Neither of Tony’s prior books are fiction, but they grapple with themes found in his novel: loss, longing, brokenness, the quest for redemption. His 2010 spiritual memoir, Somewhere More Holy, was listed among Image’s top ten works of that year. His 2021 book about the destruction of American democracy, I, Citizen, has received praise from readers across the political spectrum, and sparked the 2023 documentary Undivide Us, which has been screened in film festivals across the U.S., and in which he appears.

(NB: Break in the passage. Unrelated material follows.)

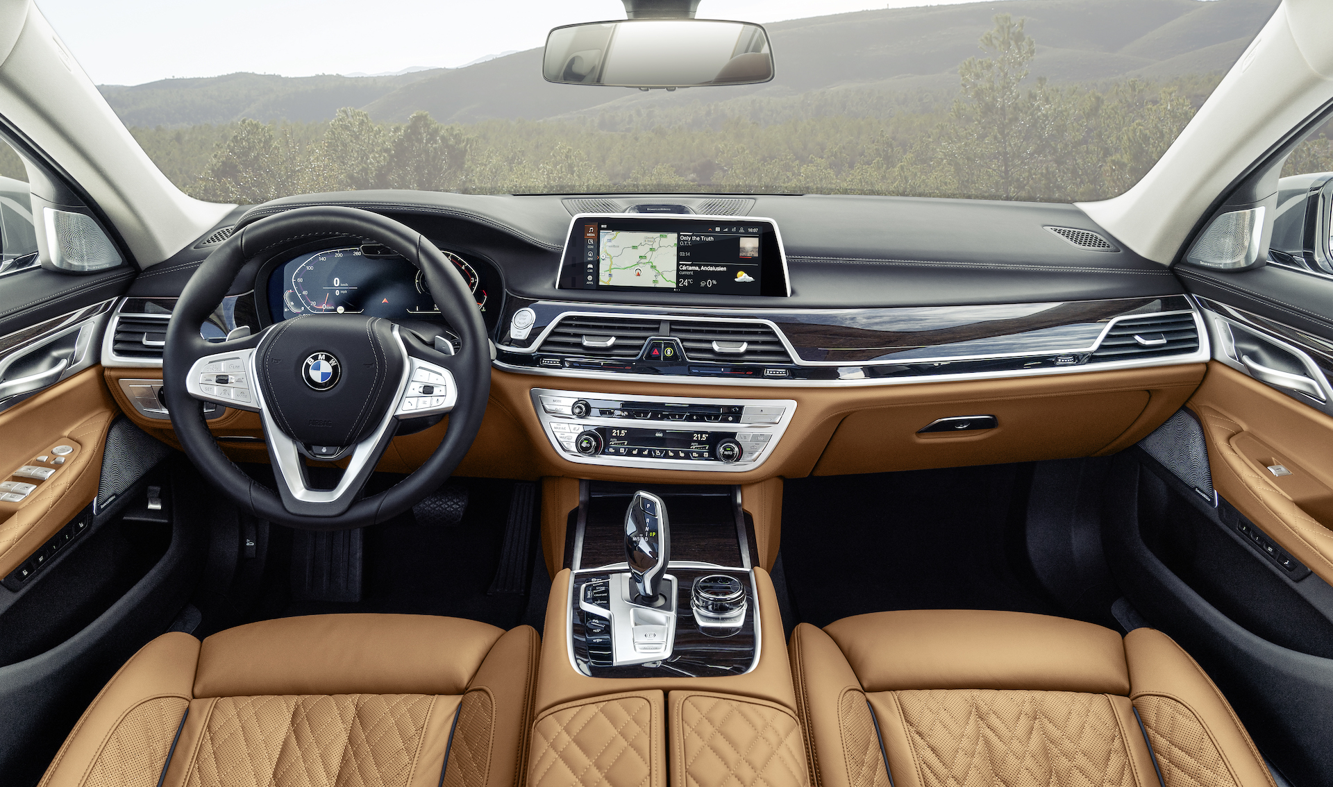 스티어링 휠의 다기능 버튼, 전자식 기어 레버와 주행 모드 선택 스위치, 아이드라이브(iDrive) 컨트롤러의 조작방식과 조작감도 더 깔끔하게 개선되었다. 인포테인먼트 시스템에 직접 손을 대지 않고 허공에서 손을 움직여 기능을 조절하는 제스처 컨트롤은 인식 가능한 동작이 몇 가지 추가되었다고 하는데, 시승 중에는 확인해 보지 못했고 좀처럼 쓰게 되지 않는다. 오디오는 바워스 앤 윌킨스 시스템이 쓰인다.

Tony’s first love as a reader and writer has always been fiction, and the support he received and continues to draw from teachers and colleagues in Wichita’s creative community sparked several works, including his present novel. Several short stories he began while at Wichita State University have appeared in Image, Ruminate, Dappled Things, and Saint Katherine Review, among other literary journals. “Name,” his haunting story narrated by a Cambodian victim of the Khmer Rouge, received a Pushcart Honorable Mention in 2010, and was included in Image Journal’s 25th anniversary anthology. Having spent years in gyms as a wrestler and as a father of wrestlers, he is presently at work on a novel about two young wrestlers being raised by their widowed father in Iowa.